"An organization of the disorganized..."
December 8, 2010 10:22 AM   Subscribe

The University of Washington's Vienna: 1900 collects a number of pieces from the height of Austrian café society.


"The Letter of Lord Chandos," Hugo von Hoffmannsthal's study of aphasia.

Young Törless, a novel by Robert Musil.

"Rules for my Reserved Table," by Peter Altenberg. ("Political conversations must not go beyond the phrase: I think things are stirring in America!")

"Theory of the Café Central," by Alfred Polgar.

La Ronde, a play by Arthur Schnitzler; best known as the basis for Max Ophüls' film of the same name.

Previously: A look at Stefan Zweig, the last luminary of Old Vienna.
posted by Iridic (8 comments total) 19 users marked this as a favorite
Great post!

That essay about Zweig linked from the post you link to is gloriously vituperative. I always meant to make a mega-Zweig post based around that essay, but then Joe Beese beat me to it.
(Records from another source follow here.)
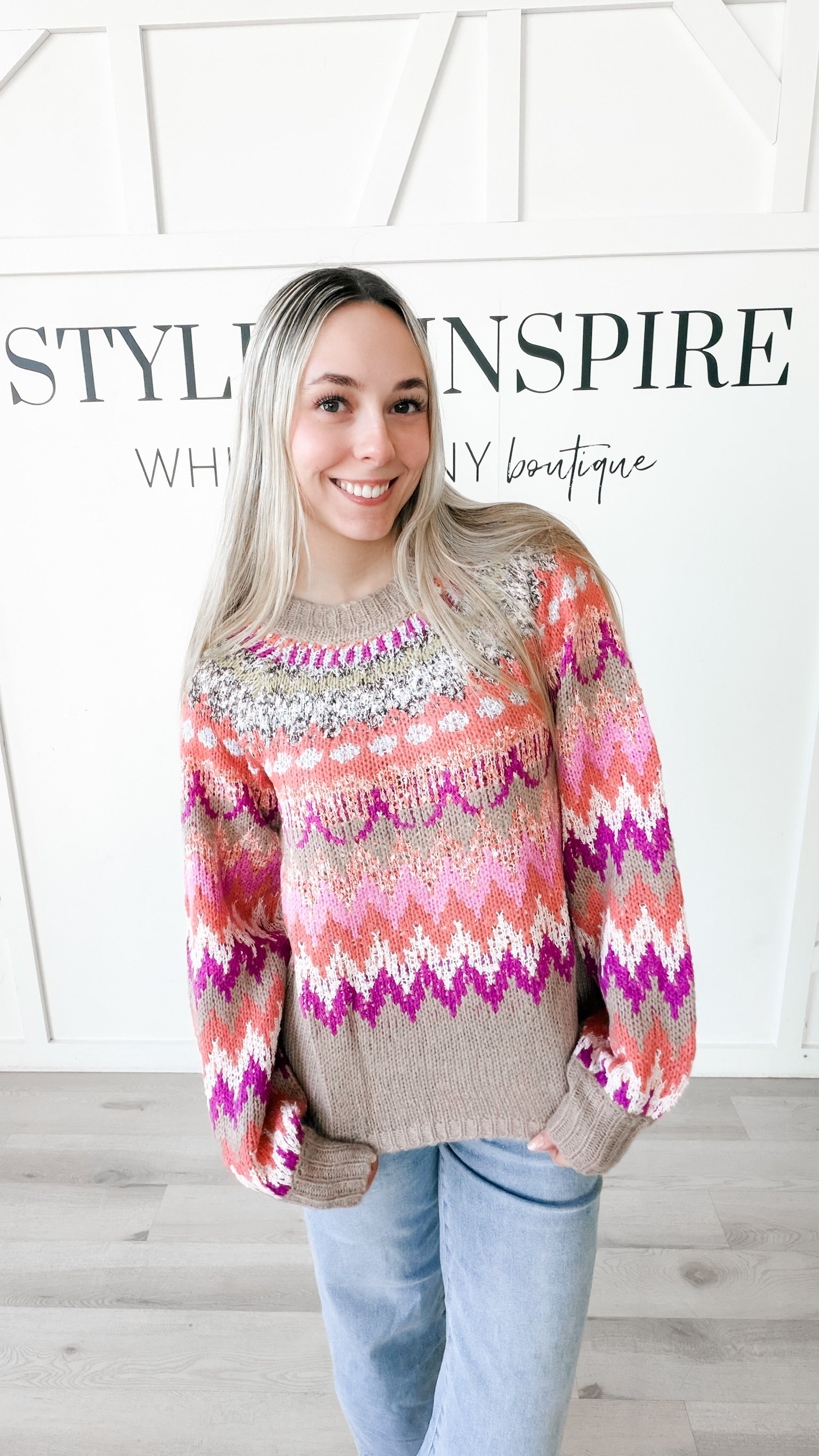 Style: Effortlessly elevate your everyday wardrobe with the Diana Multi Color Pattern Sweater. This lightweight knit features a relaxed crew neck and dramatic drop shoulders paired with voluminous balloon sleeves for an on-trend silhouette. Contrast ribbing frames the neckline, cuffs, and hem, adding refined detail to the playful tribal-inspired colorway. Crafted from soft, breathable sweater knit, it's the perfect piece for layering or wearing solo—designed for those who value comfort without compromising on style.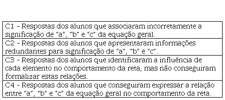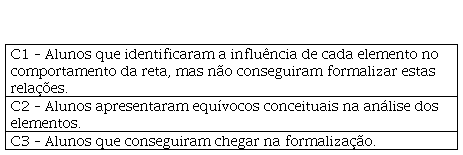 A categoria C2 representa a resposta de 25% dos alunos cuja conclusão foi redundante ou vaga em relação ao que fora proposto. Percebemos na própria resposta do A3 que este ratificou a influência dos coeficientes da equação geral para a determinação dos coeficientes angular e linear na forma reduzida. Acerca disto, ressaltamos que o ensino por atividades tem por finalidade a construção de noções matemáticas a partir dos objetivos de cada atividade, logo, é essencial que o aluno se permita a explorar seus conhecimentos e busque refletir em cada atividade, Caso contrário, este apenas estará realizando exercícios sem atribuição de significação ao que está sento estudado (SÁ, 2009; MENDES; SÁ, 2006).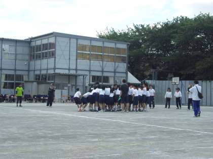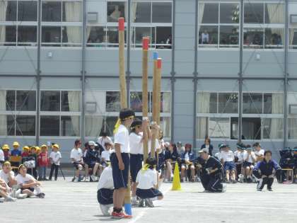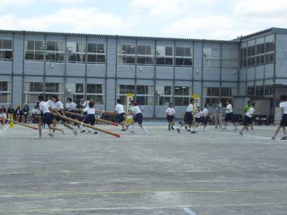 力強い中学生の競技が続きます。芦花中学校の生徒の力いっぱいの取り組みやクリーンな態度は、見ている小学生にもその姿勢が伝わります。中学生の背中は大きいです。

I wonder, now that Mitteleuropa is no longer cut in half by the Iron Curtain, whether Vienna can rise again in cultural importance. Prague is showing signs of just that. Berlin has certainly swung back mightily. In fact, that's kind of going on all around Europe right now. Even Paris seems like it's rising from it's stylish slumber. Of course, given the trends of European history, just as things really get awesome, some completely insane war will break out and everything will go back to zero for another few decades.
posted by Kattullus at 10:34 AM on December 8, 2010

[this post means nothing to me]
posted by Eideteker at 10:39 AM on December 8, 2010 [3 favorites]

A "mega-Zweig" sounds like a German unit of measurement.
posted by Joe Beese at 10:46 AM on December 8, 2010 [1 favorite]

Reading Die Verwirrungen des jungen Zöglings Törless I was struck by the casual perversion among boys in a military internat.

Wittgensteins Vienna by Janik and Toulmin is also a great read about the cultural Vienna around 1900. It was a fascinating intellectual time in a state that was about to vanish after WWI.
posted by joost de vries at 11:07 AM on December 8, 2010

that Hofmann piece is just delicious; great post.
posted by r_nebblesworthII at 11:30 AM on December 8, 2010

Now I am so annoyed that I lost my old paperback of Young Torless, which had the most interesting artwork on the cover, which is not one of the half dozen or so different covers on Google Images.

It was a stunning pencil drawing of two grim students looking down towards a thin manacled hand reaching up...
posted by ovvl at 12:43 PM on December 8, 2010

Fantastic post... danke!
posted by scody at 3:24 PM on December 8, 2010

I chuckled when I first read that Hofmann article about Zweig in the LRB earlier this year: "the Pepsi of Austrian writing." Hilarious.